What this task involves:
Your copy should begin with the line containing "10KT Gold 1.85CT", end with the line containing "Глиняная посуда. Чашки", match the listing below exactly, and contain no pictures.

Exercise input:
↓↓↓

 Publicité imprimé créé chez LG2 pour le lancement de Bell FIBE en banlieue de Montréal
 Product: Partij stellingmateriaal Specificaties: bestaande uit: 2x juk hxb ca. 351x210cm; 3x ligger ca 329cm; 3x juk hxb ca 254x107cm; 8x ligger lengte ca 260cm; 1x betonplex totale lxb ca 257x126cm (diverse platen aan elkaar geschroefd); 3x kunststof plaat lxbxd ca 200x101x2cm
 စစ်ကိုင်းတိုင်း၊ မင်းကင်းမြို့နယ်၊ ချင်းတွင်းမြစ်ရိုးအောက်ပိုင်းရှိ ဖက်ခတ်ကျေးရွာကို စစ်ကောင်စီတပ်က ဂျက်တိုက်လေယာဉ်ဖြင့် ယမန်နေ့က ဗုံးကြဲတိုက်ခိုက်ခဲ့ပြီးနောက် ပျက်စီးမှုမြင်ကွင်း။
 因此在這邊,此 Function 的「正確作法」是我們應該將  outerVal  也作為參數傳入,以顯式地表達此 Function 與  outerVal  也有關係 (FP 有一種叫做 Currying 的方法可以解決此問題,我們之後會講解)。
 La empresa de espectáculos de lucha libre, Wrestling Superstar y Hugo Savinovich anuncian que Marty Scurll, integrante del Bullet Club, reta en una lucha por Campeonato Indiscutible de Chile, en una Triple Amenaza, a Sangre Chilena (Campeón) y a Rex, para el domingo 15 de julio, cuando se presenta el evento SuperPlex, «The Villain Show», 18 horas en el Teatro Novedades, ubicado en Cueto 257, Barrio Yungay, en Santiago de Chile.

↑↑↑
↓↓↓

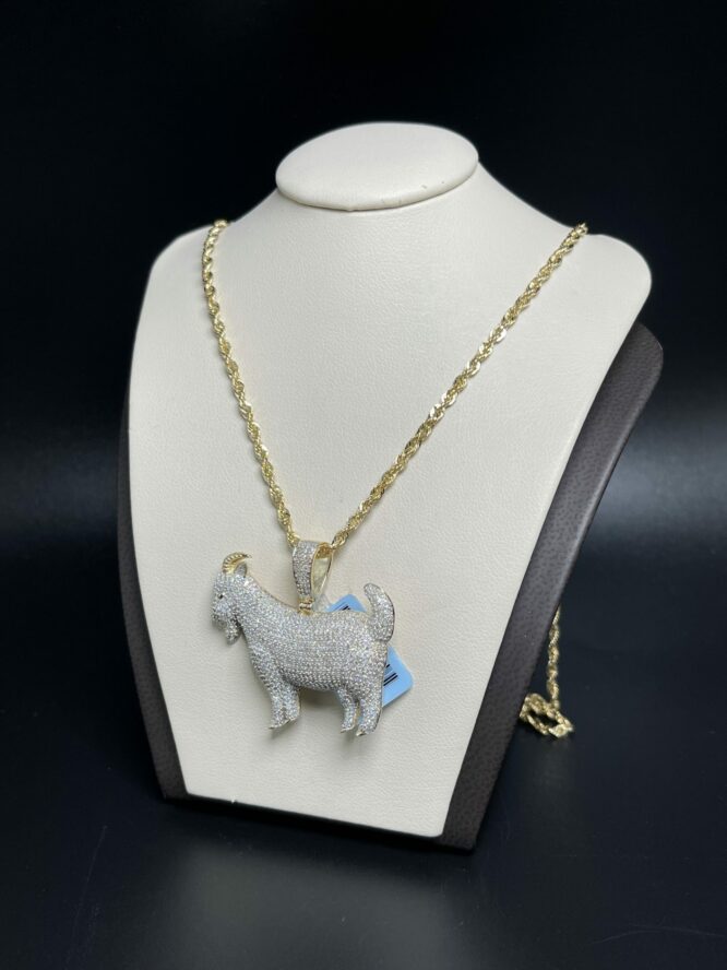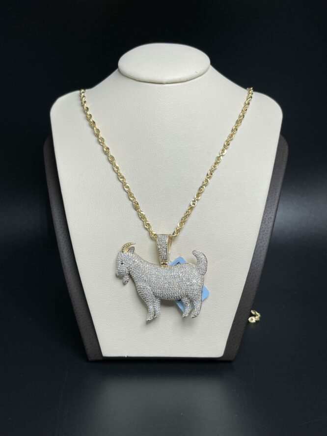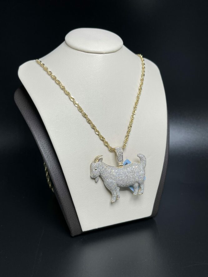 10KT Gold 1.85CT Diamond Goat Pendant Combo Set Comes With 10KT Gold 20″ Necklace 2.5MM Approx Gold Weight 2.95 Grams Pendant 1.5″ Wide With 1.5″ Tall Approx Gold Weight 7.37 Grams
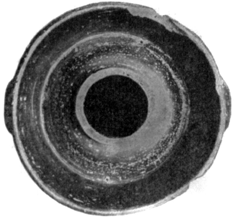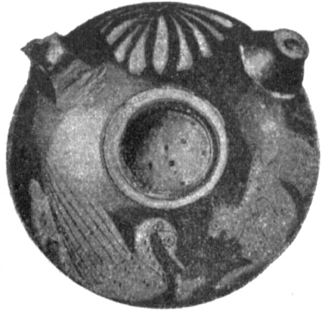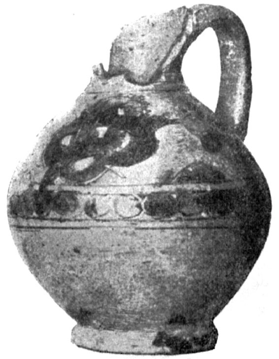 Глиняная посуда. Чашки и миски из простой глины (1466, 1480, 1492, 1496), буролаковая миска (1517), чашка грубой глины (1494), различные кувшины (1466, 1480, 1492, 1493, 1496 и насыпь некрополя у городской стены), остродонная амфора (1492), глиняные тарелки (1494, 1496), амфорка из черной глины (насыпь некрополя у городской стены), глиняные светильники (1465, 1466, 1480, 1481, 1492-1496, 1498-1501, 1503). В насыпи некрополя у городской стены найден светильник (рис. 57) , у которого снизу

↑↑↑

Answer box:
 10KT Gold 1.85CT Diamond Goat Pendant Combo Set Comes With 10KT Gold 20″ Necklace 2.5MM Approx Gold Weight 2.95 Grams Pendant 1.5″ Wide With 1.5″ Tall Approx Gold Weight 7.37 Grams
 Глиняная посуда. Чашки и миски из простой глины (1466, 1480, 1492, 1496), буролаковая миска (1517), чашка грубой глины (1494), различные кувшины (1466, 1480, 1492, 1493, 1496 и насыпь некрополя у городской стены), остродонная амфора (1492), глиняные тарелки (1494, 1496), амфорка из черной глины (насыпь некрополя у городской стены), глиняные светильники (1465, 1466, 1480, 1481, 1492-1496, 1498-1501, 1503). В насыпи некрополя у городской стены найден светильник (рис. 57) , у которого снизу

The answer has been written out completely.